‘Jagunço da leis’
III - ASSÉDIO JUDICIAL
por Nayara Felizardo /The Intercept
- - -
Em Sergipe, o processo movido pelo desembargador Edson Ulisses de Melo, do tribunal de justiça do estado, conseguiu a condenação do jornalista Cristian Góes por um texto que sequer citava seu nome ou sua profissão. Antes de recorrer ao Supremo Tribunal Federal, o STF, Góes foi condenado cível e criminalmente por uma crônica que escreveu em 2012, em sua coluna em um site local. O detalhe é que ele não fez nenhuma reportagem citando o magistrado. A condenação foi por causa de um texto ficcional, escrito em primeira pessoa.
A crônica “Eu, o coronel em mim” falava sobre um coronel da República Velha que estava vivo em plena democracia e ficava contrariado ao ver tamanha liberdade de greve e de manifestações. “Esse personagem que eu criei não aceitava que as pessoas tivessem direitos”, me contou o jornalista por telefone.
O que mais irritou o desembargador Melo parece ter sido esse trecho: “Dizem que greve faz parte da democracia e eu teria que aceitar. Aceitar coisa nenhuma. Chamei um jagunço das leis, não por coincidência marido de minha irmã, e dei um pé na bunda desse povo”. Para o magistrado, casado com a irmã do então governador de Sergipe Marcelo Déda, do PT, a expressão “jagunço das leis” fazia referência a ele.
Na crônica, o coronel não era governador, nem havia menção à data ou ao local em que a história se passava.

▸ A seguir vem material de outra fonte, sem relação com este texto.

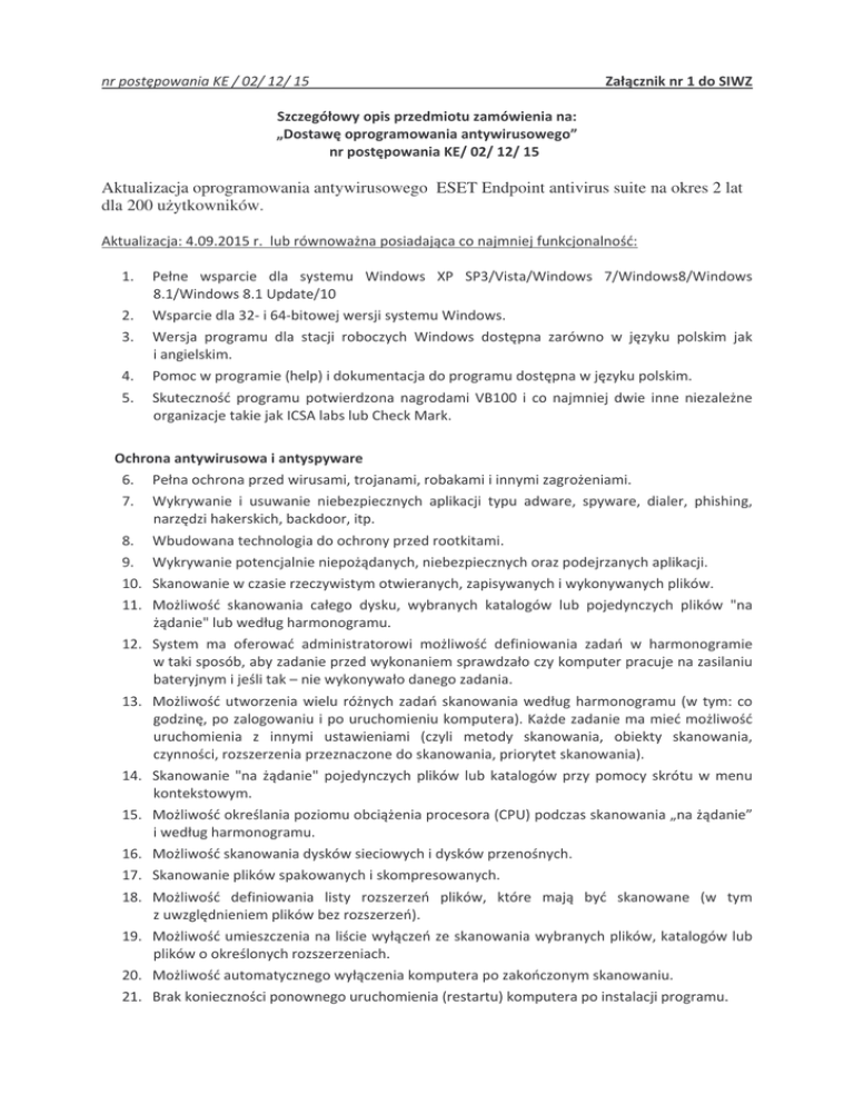 !"# $%# %# & Aktualizacja oprogramowania antywirusowego ESET Endpoint antivirus suite na okres 2 lat dla 200 u ytkowników. ! * $ % . +' ' ' 2 $ ) 2 & . / * 0 1 0 ' "# ' ( 1 $ % 3 - '& & 4 3 . ' '& & ) : "# < )& & & 3 ' 53 -+' .+' 89) 93 ; 3; 2 ' 6 2 3 +' + 2 2 ($ )$*+, "# ; 3 2 : 4 2 ,7 ; & 3 4 & % 23 ! # ; & " > 4& 2 & ; & ; ; 3 3 2; & & 3; & & %2 & 2 4& & 3 & 3; ; & & 3 & & & & & % 2 * : "# & 3 = 2 4; 2 3 3 & 5 & & " ; ) < < & & 3 & : "# " % 23 2 1 : "# & & 3 & - ) & 3 . : "# ! & = 24 =6 : "# " &% = " & 3 3 : "# & 2 &% 7 " 2 3 5 & & 3 2 "# ! % & 3 & & 3 & & 3 & = 3 2 & %23 2 5 # 6? & ; < ; & 2 & "# ; & 6 & & 59$/ 6 @ A " & 3 & 3 ; &# & = 6 & 3 5 ; 2 & 2 & / & # "# & 2 * ' & ! 2 & $ 2 &% 3 & 3 &% 3 & & & ! % 3 &# ! & & & 2 # ! & 2 3 : "# & ! 5 2 ' : * * : & 2 & & 2 : )B & & 6; 5 & " "# " 0 ) & * 5! :) B 4 & %2 EF : . ) & 7 & "# * 3 & 2 CD ; ' : " & ;B & CD 2 & 3 ;' $B $* 2 & 3 ' : 8: $ < 2 < 5 2 2 6 $B $* 8: $ & & !2 2 & 3 G HH$ & " & 3 " % ! ! & 3 " & 3 I &" 2 2 ** : &# ; B & 3 & " & 4 & &! 2 - ) & $ & & EF 2 6 % &6 2 1 ' & 3 0 ! & 3 $ 2 % & & 3 & & 3 E 4 & 3 & # & & & 2 % & ! & & & 3 2 & 3 & & 2 " !2 * $ 2 # G HH$);$B $*);8: $) *1 $ 2 # 4 & 3 3 *- : "# 2% & & & & *. # % * $ 2 # ! $ & " 2 "# 3 2 ! &! "# & & 3 % & !2 & 2 ! H9$; 2 ! & 3 4 2 4 && 3 & % 2 # & &# & "# &! 3 G HH$) ' 2 3 3 2 &! %& 3 # / & 3 & &! 2 & ' & 2 & 4 4 * ' 3 : 3 & 4 J & 1 : 2% - J 2 . : & & & 53 & & 6 & 2 3 & & & " "# & 2 & & 6 6/ & & &% & & & &% 2 & & # "# & &% & ; & 2 2 & & = &# % "# 4 2 &% : "# & : % & 3; 3 %& 3 & & 2 & & 4 & &% & 3 " "# # ; & 2 G % $ 2 & & & 3 # 2 & 2 2 2 ; & % & & 3 & 3 2 3 % !2 & 0 & 2 4 & & & "# & & 2 & 2 # + & %# & 2 2 "# " 2 & & & %& = 5 & && 3 2 5 & 2 2 = ; = &# & &% & & !2 & 2 & 2 8 " > & & & 3 & & 6: > & 5 # 4 & ; ; &% & & & % 2 3 % ;2 & 4; $ & & # 3 % !2 "# # & " * $ 2 4 ; & % 1 )& & - $ 2 % & & 3 # ! &# & & & & & 3 ; / )7; # & & 4 & 2 ! & & & 3 # 3 & &2 & 3 & %& & 8 %& & & = 2 ; & 2 & $ = & 3; 4 &2 ; ; &# 2 & 3 "# %& & 9J ; J ,J & ! 4 & 3; ; "# # & # & & 3 K & 3 && : & & 4 & & & 2 2 $ )& > & 3 "# ! # ! 4 2 / )7 & 4 / )7 4 & 3 " & & 3 4 ; / )7; E$H+9B : ; = # # & 3 & 3; 4 = 7 3; " & 3 . K " & ; # "# 2 %& ! 1 $ 2 & % $ 2 ; 4 2 %& & # #! " % % 2 • "# 2 2 4 11 H L % 1- / & - - = 4 ; % % ; & 3 = 4 2 % " & 3 &" % & 3 # & % "# % 4 &# & & & " & 2 %& & & & & & & & & & & 2 % & %2 4 & & & 3 2 % & 2 % & & 3 " & 2 & & % & 2 " &; " 2 2 "# & & !2 & # & & & & & ; 4 & ; 2 % 3 2 & 2 %& ; & 4; H& & 2 %& 2 2 2 & 3 &> ; & 4 & " & " & & % &# 4 & 2 % & 3 % G 8$) 2 4 & ; & & &2 " 4 & & % &% 4 & % G 8$) ; ; & $ 2 # 2 % 3 1. B 2 1 $ 2 % 2 " & 2 # & 2 2 % 3 • % %" " 1* / & " & 1 $ 2 5G 8$)6 1 : %G 8$) • & & ; # • # & ; & & = = 2 ' • L 2 & 3 "# # 4 = 1 & 3 % & & $ 2 1 & 2 % & 2 "# & # ; # &# & 3 & 3 $J K; $ 2 &# & & ; % %2 & & 3; ! & % 3 K 2 2 ! 2 ; 3 = & 4 3 3M , 3 ! & # & & D 4; & & & &2 4 & & 3 ; & %& & 3 & 3 ! 2 2 ; 3 & # 2 2 - $ 2 & 3 &! -* & 8 - : "# 3 - : "# ! #! 2 ; . . & . 6? & 2 " & 3 & ! &# % ' 3 %2 = -. $ 2 $ 2 & $ 2 % ; 3 & 3 2 & 4 3 ! & & 5 & & L = & 2 & 5 6 2 & 3 & 4 ; ; & & ; &3 & & ; 3 2 98)9B N 9 "#; & & & % 2 #! & & & & % = & 3 2 = # "# !2 4 2 ; ; %& "# 2 2 & 6 & & 4 3 .* / & 2 % % & " & & . $ 2 &# & & = & 3 2 =; & & ; % 8 & 3 =; & 3 2 2 . ' 3 2 " 4& & 2 2 .1 $ 2 # "# 2 & 2 & & 3 .- $ 2 # "# & & 2 "# & 2 .. : "# ; 2 B 3 2 4; % & & 3 &2 & &2 3 2 2 3 & 5 &# " 2 2% "# "# #! #! 2 &# & " & & -1 $ 2 -- $ 2 - 4; ; 2 # &" # & & & 2 % & & ! & 2 ; %2 3 2 2 & ; & ! ; !! % & & ' ' * & : *; )7) * O ; )7) : $ ) F ;' $ % 3 '& & 4 3 3; ' 3 2 ) & !' ) F .; )7) ;: : $ ) F ; ; & 3 ; 3 & & & 3; *; ! : .; $ & 2 & .O ; ) F ; & ; ;: ; D & & 3 & & & 3 O ;)7) ! ; 3 3 2; 1 : - "# < "# : %2 % 23 ; & < & & ) )& )& ; & & 3 & 3 &# . & = 3 & < & & @ & & & 3 # "# % 23 A # & 3 < # "# 2 ? ; & 6 & " 59$/ 6 2 "# & 3 & " & & & 3 & 2 & & 3 & & 3 & ! & 3 ; # ! & " & 3 ; 2 2 3 & ! & & &# =6 &% = 3 "# & 3 1 $ 2 " & 3 = " " % 2 2 3 & 3 ! & & . $ 2 5G 8$)6 $ 2 # &# 3 & & ! $ 2 & K # # ! # & & 3 & 4 #! " % 1 ' & 2 & - )& &# . I J & 3 "# 2 2 4 & 3 " N ) && # & & & ; & 3 " 4 # & & 3 & 3K ' ; & % % = 4 ; % 2 % ; & & & 2 & 2 " & 3 % 4 % = 2 2 % % & 3 & 2 # % & 3 & 4 & #! = % & & 3; %& 9J +J ,J & & 3 & 4 "#; ! 4 2 % & % 4 ; # 4 2 "#; & = * & "# " % 4 * * & %2 3 5 & ; & 2 & " ; & / & & : "# * ) : "# 5 24 : "# 2 2 " & 3 &" # & % " " & 3 & & & # %2 & & 3 %2 & 3 &% = & 3 & & 3 &% = & 2 &% &# & # "# 2 & 3 # & & & & & %2 &% = 3 & 3 & & * ' & % > ** 7 " & * 2 & : &% & &2 % &3 & & & 2 & &% "# & & & 4 : 0 2% '& &# & 6 # "# & % 9E85 6 ! & 3 $ &! %& 3 & & > & & 6 2 & & & 2 5 3 & & & # 4 > & & 53 & 3 & & " "# & *. * : 3 5 & & !2 & 6 6/ & & &% & & "# & &% & ; 2 2 &% 2 = & 3 " "# ; & 2 = &# "# 4 2 ' & 5 & & & 3 # 6: & & & & "# & & 3 & & & 3 &# ; ! ! # ! &% & % 2 & 3 & 2 2 ; + = 5 & && 3 2 5 & 2 2 " = ; 2 = 4 & &% & & 2 2 2 & %# & & & & & & 2 & % &% 2 2 & & & & * : & 3 2 & # & & &# & J = 2 &6 & *- : 3 = & "# *1 ' 3 & &% 2 )& & * 4 & 3 2 & 3 2 # & & % & + 0 8 ! 2 &" 1 8 & ! - : . : ! 2 ;2 & "# & & & "# 2 G % # & % 4 & "# & & & & 2 & 2 %& ! & & 3 % ; !2 4 2 & ' !2 & 2 ! 2 ! 2 ; & & & & 2 &% 3 % 2 2 % 2 ; 4; ;2 & & & # 3 % !2 2 2 & &; &# )& )& & & & 2 & & & &# % 2 # & "# " 3 "# ! 2 98)9B N 9 & 3 > ! # & & & & 3 )& ; & & & 3 4 # ! % & & & & & && & 3 ; ; 4 # & * $ 9J ;J ,J & 4 / )7; # & & & 3 4 &2 & & 3 2 ! & # & & & & &# ; ; %2 & & 3; 3 % 3 2 2 2 ; 3 = & & ! & 3 3 &! & ; & 4 8 & & & & )& % )& & 1 $ 2 - )& . K )& % 1 1 / )7; & 1 B %2 1* : "# 3 5 1 J 2 5 1 & 2 3 2 ; & 4 & " & ! & #! ; & 2 ' & 3 & ) ) * ; " & 3 &2 %& & 3 & 3 4 ; & & # 2 2 %2 & 3 2 2 ; " = 9J ;J ,J 4 5 5 &# 6 & # & 2 D& 2 4; 3 ! 6 $ & % 4 " ; G& & & 0, ; & & ; &" & & ! ! 4 ; & & 6 2 & & &3 ; 2 2 % 3 ! 2 & 3 2 =; & 3 2 " 2 * # & = 2 - # & & ; & & ! # # &# ! ! 2 % G HH$ G HH$6 " = & 4 8 & & & 5 & 2 & "# & & 3 2 4; ; 2 ; %& & / )7 & 4 / )7 & 2 2 &2 & 4 = / )7 ! 4; & & & & & # "# & % ! $ 2 4 9J +J ,J & & &; & 11 11. $ 1 J %& & 8 %& & & & &; & # # 3 6? & & )& & & 4& 2 & & 2 + & & *; .; & : # "# 2 & & ) & & )P E : &)P E ! 3E # D "# & 3 ' & ! 2 B , 5B # ) F , 4 6 & & 3:) ) : ) )P E : &)P E & & &

Mesmo assim, em 2013, Góes foi condenado em primeira instância a sete meses e 16 dias de prisão pelo texto ficcional. A pena foi convertida em prestação de serviço à comunidade. Para cumpri-la, Góes me disse que precisou suspender o doutorado em Comunicação que cursava na Universidade Federal de Minas Gerais.
No ano seguinte, em 2014, o jornalista foi condenado na esfera cível a pagar R$ 25 mil de indenização por danos morais ao desembargador. O juiz Aldo de Albuquerque Mello escreveu em sua sentença que “o valor do dano moral deveria ser bastante superior ao fixado acima, tendo em vista a gravidade da conduta”. Para o magistrado, o jornalista “denegriu de forma gratuita e desnecessária” não só o desembargador, “mas também a imagem e a credibilidade do próprio Poder Judiciário”.
Ao dizer que Góes havia agredido a imagem de toda uma categoria somente porque um de seus membros se sentiu ofendido, o juiz sergipano deixou escapar o que está por trás desse tipo de ação contra jornalistas e transmitiu o recado que vale para qualquer um de nós: não mexam com o Judiciário.
Góes também recorreu dessa condenação por danos morais, mas perdeu em todas as instâncias. Com a correção monetária, me disse, o valor da indenização subiu para R$ 60 mil. “Eu não tinha esse dinheiro. Tive que fazer um empréstimo, que pago até hoje. Parcelei em 60 meses e ainda faltam mais de 20″.
Enquanto o jornalista enfrenta dificuldades financeiras para pagar o empréstimo, o desembargador Melo acumula poder. Em fevereiro de 2021, assumiu a vaga de presidente do tribunal e, curiosamente, anunciou um prêmio de jornalismo. Lançado quatro meses depois, exatamente no Dia da Imprensa, o magistrado disse que era uma “forma de valorizar os profissionais e disseminar notícias sobre o trabalho do Judiciário em Sergipe”. Oferecer prêmios em dinheiro para estimular jornalistas a falarem bem dos magistrados, convenhamos, é uma forma mais amigável de calar a imprensa.
Por meio da assessoria de imprensa, o desembargador Melo disse que, para ele, o caso está encerrado “após o trânsito em julgado das ações referidas, e o posicionamento do Judiciário sobre a questão posta, com garantia plena do contraditório e da ampla defesa”. Já o juiz Albuquerque disse que as razões da sua decisão “estão descritas na própria sentença” e não pode “emitir pronunciamento sobre o processo, que inclusive já transitou em julgado”.